■ TASK STATEMENT:
Look through the entries below and copy exactly the part that begins with the line containing "In a quest to" and ends with the line containing "可自適應頭部轉向動作,依據運行、觸摸、取餐狀態,給于動作回饋". Do not copy the pictures.

■ DATA RECORDS:
----------------------------------------

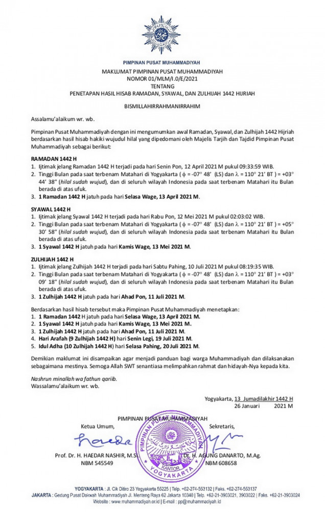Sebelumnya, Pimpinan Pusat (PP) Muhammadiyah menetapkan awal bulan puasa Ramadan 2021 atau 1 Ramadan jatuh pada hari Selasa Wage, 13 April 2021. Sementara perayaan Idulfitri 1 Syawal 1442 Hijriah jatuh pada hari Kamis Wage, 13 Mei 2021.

----------------------------------------

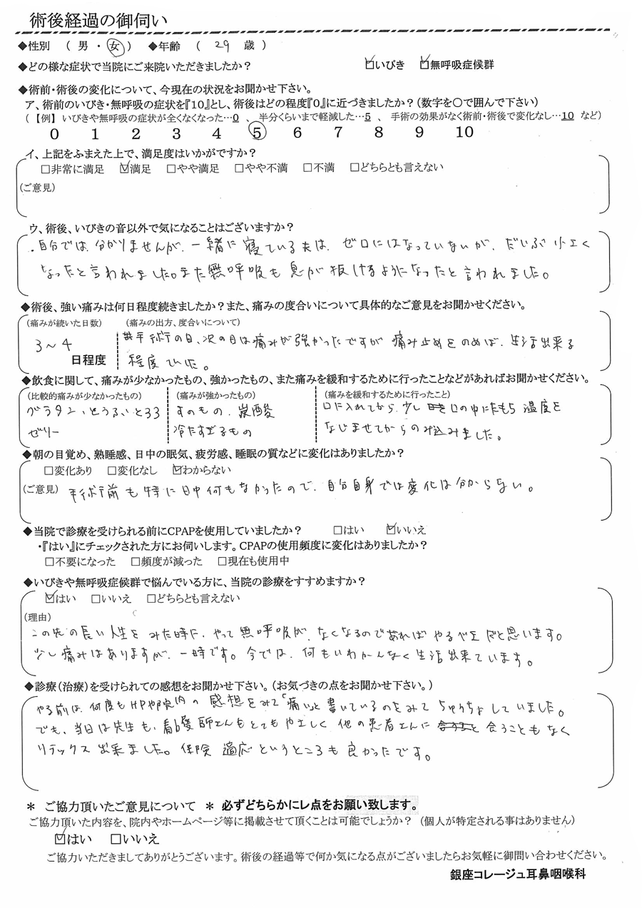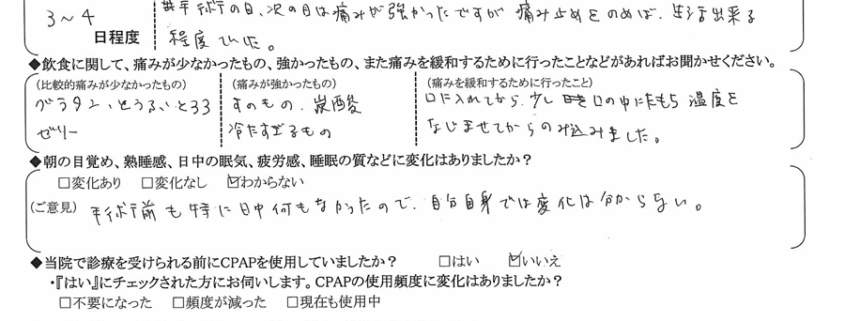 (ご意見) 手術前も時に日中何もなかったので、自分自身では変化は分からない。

----------------------------------------

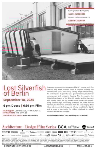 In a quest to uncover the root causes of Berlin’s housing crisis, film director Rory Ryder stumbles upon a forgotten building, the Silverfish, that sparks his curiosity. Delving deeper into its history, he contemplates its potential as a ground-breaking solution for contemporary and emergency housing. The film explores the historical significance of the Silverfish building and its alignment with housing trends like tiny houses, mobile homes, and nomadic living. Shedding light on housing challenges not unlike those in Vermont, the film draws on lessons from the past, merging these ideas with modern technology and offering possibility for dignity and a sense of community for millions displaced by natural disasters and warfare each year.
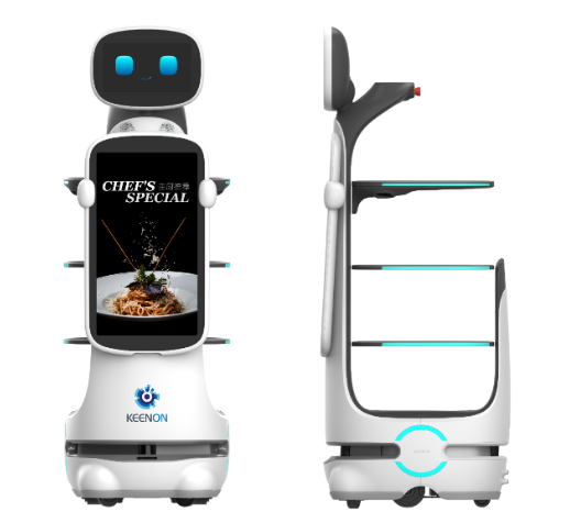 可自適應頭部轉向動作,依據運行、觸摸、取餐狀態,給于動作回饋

----------------------------------------

■ THE ANSWER:
 In a quest to uncover the root causes of Berlin’s housing crisis, film director Rory Ryder stumbles upon a forgotten building, the Silverfish, that sparks his curiosity. Delving deeper into its history, he contemplates its potential as a ground-breaking solution for contemporary and emergency housing. The film explores the historical significance of the Silverfish building and its alignment with housing trends like tiny houses, mobile homes, and nomadic living. Shedding light on housing challenges not unlike those in Vermont, the film draws on lessons from the past, merging these ideas with modern technology and offering possibility for dignity and a sense of community for millions displaced by natural disasters and warfare each year.
 可自適應頭部轉向動作,依據運行、觸摸、取餐狀態,給于動作回饋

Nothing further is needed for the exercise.